(Data entries)
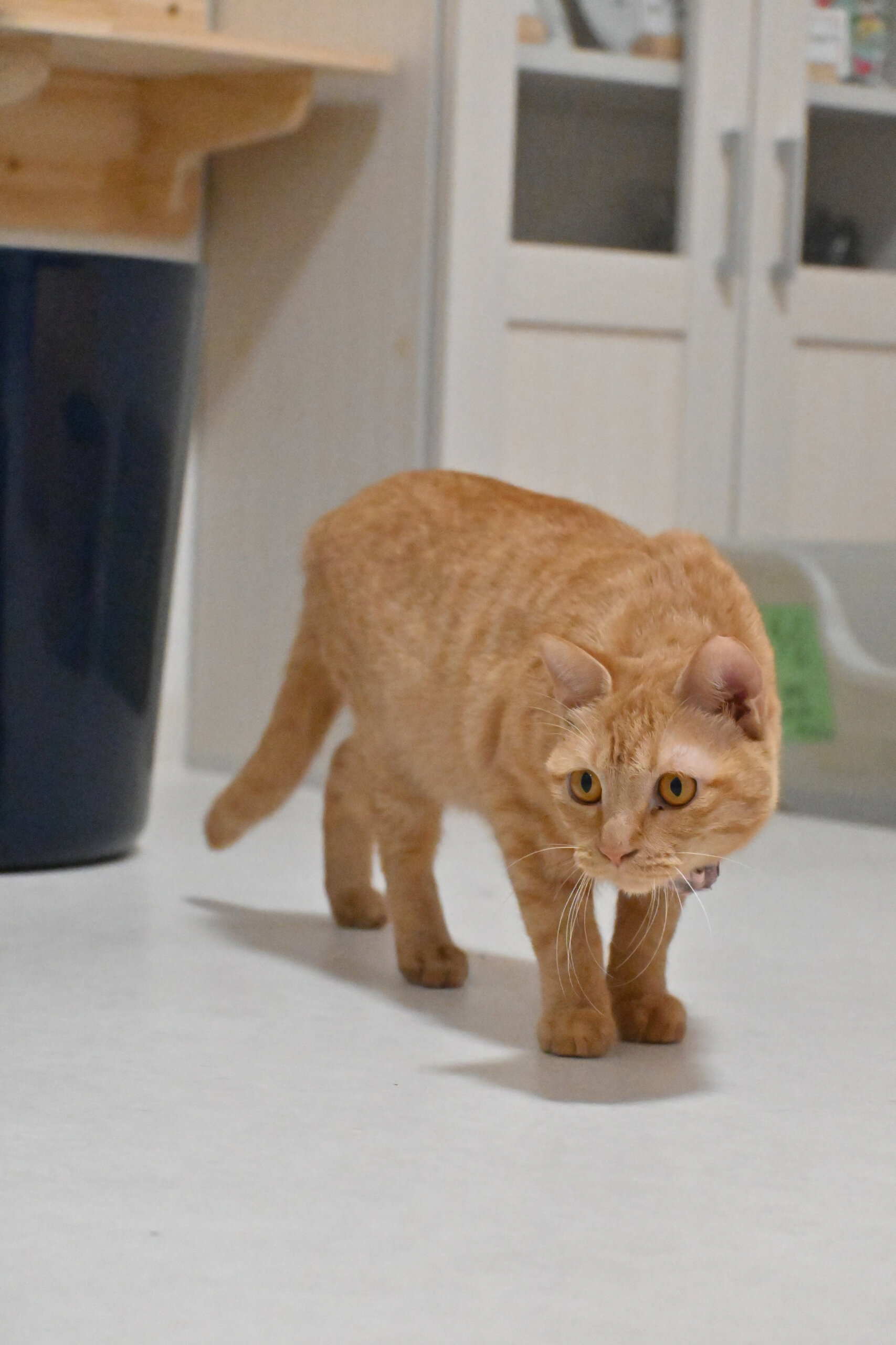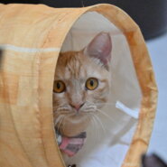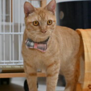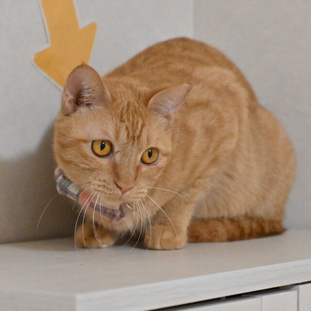 ほかの猫の後ろに隠れていることが多くちょっと臆病ですが、決して内気で引っ込み思案なのではありません。おもちゃを出して誘ってみると、途端に別人のような活発な姿を見せてくれる元気な子です。
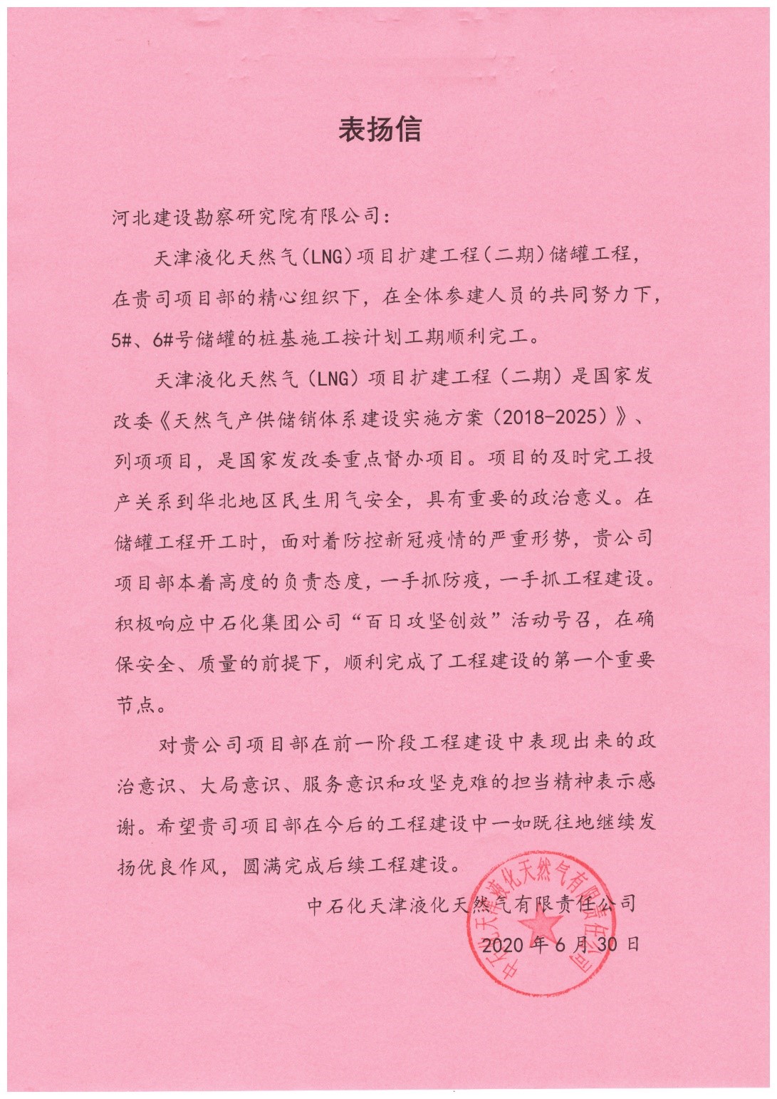 公司承建的天津液化天然氣(LNG)項(xiàng)目擴(kuò)建工程(二期)5#6#罐樁基工程,自2020年4月5日正式開工,歷經(jīng)83個(gè)日夜的奮戰(zhàn),最終于2020年6月26日優(yōu)質(zhì)、高效、圓滿的完成了5#6#罐的樁基施工任務(wù)。中石化天津液化天然氣有限責(zé)任公司,對(duì)我公司中石化天津LNG二期項(xiàng)目部提出表揚(yáng),表揚(yáng)我公司領(lǐng)導(dǎo)及全體項(xiàng)目施工人員對(duì)項(xiàng)目高度負(fù)責(zé)的態(tài)度,一手抓防疫,一手抓工程建設(shè),積極響應(yīng)中石化集團(tuán)公司“百日攻堅(jiān)創(chuàng)效”活動(dòng)號(hào)召,在確保安全、質(zhì)量的前提下,順利完成了工程建設(shè)的第一個(gè)重要節(jié)點(diǎn)。同時(shí)對(duì)我公司在前一階段工程建設(shè)中表現(xiàn)出來的政治意識(shí)、大局意識(shí)、服務(wù)意識(shí)和攻堅(jiān)克難的擔(dān)當(dāng)精神表示感謝。希望我公司在今后的工程建設(shè)中一如既往地繼續(xù)發(fā)揚(yáng)優(yōu)良作風(fēng),圓滿完成后續(xù)工程建設(shè)。
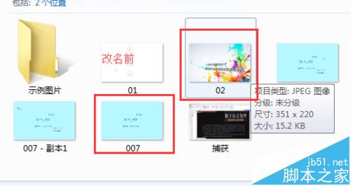 1、找到自己图图片文件夹,将自己的目标图片的名称改动一下,再将另一个相同格式的图片给成原来图片的名称。如下图所示。
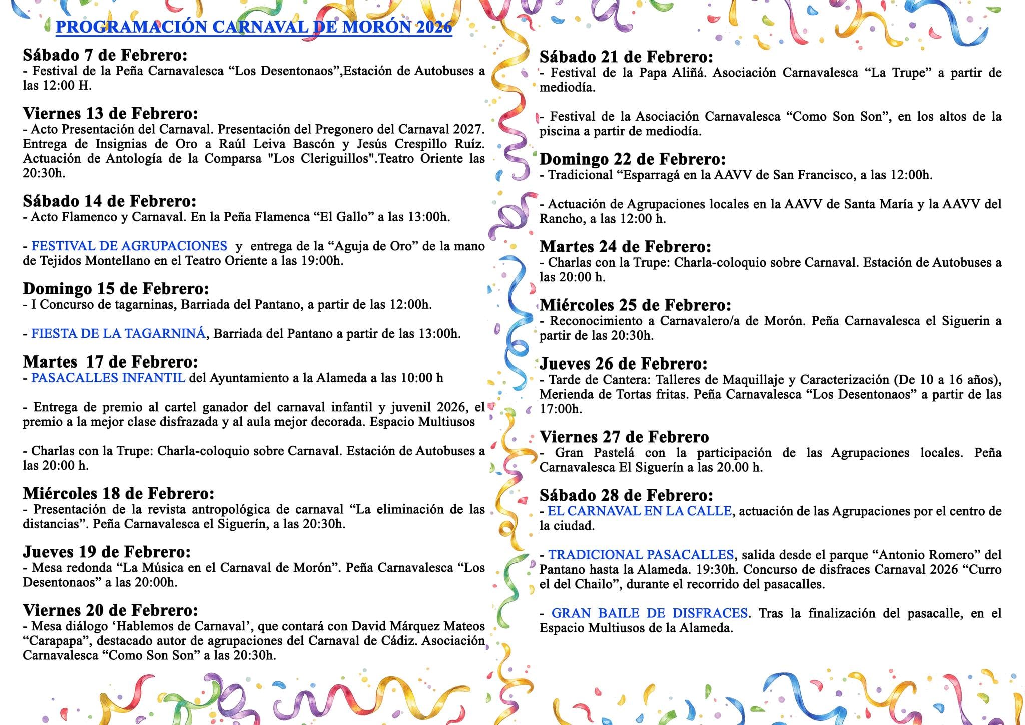 El resto de actividades, entre las que se incluyen festivales organizados por las peñas carnavalescas y actos en asociaciones de vecinos, podrán consultarse en el programa de mano.
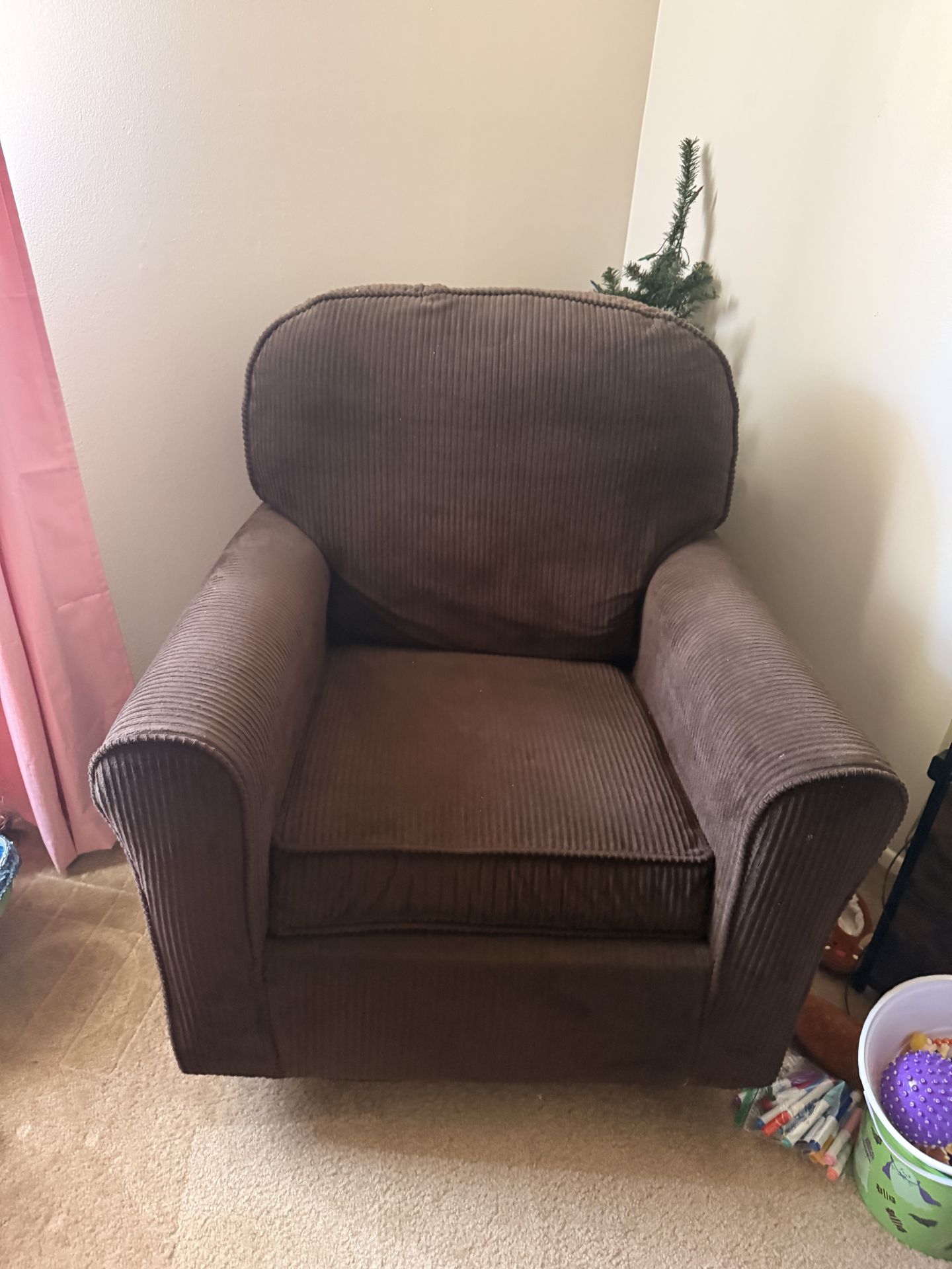 Brown rocking chair. Good condition. No leg rest and does not recline.
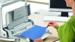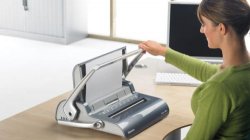 • System dziurkowania pionowego umożliwia niezależne dziurkowanie i nakładanie dokumentów na grzbiet, ułatwia i przyspiesza czas oprawy

◆ ABOUT THIS EXERCISE
Excluding the pictures, restate word for word the lines from the one that holds "El resto de" through the last line of the entries, both ends included.

◆ EXPECTED ANSWER
 El resto de actividades, entre las que se incluyen festivales organizados por las peñas carnavalescas y actos en asociaciones de vecinos, podrán consultarse en el programa de mano.
 Brown rocking chair. Good condition. No leg rest and does not recline.
 • System dziurkowania pionowego umożliwia niezależne dziurkowanie i nakładanie dokumentów na grzbiet, ułatwia i przyspiesza czas oprawy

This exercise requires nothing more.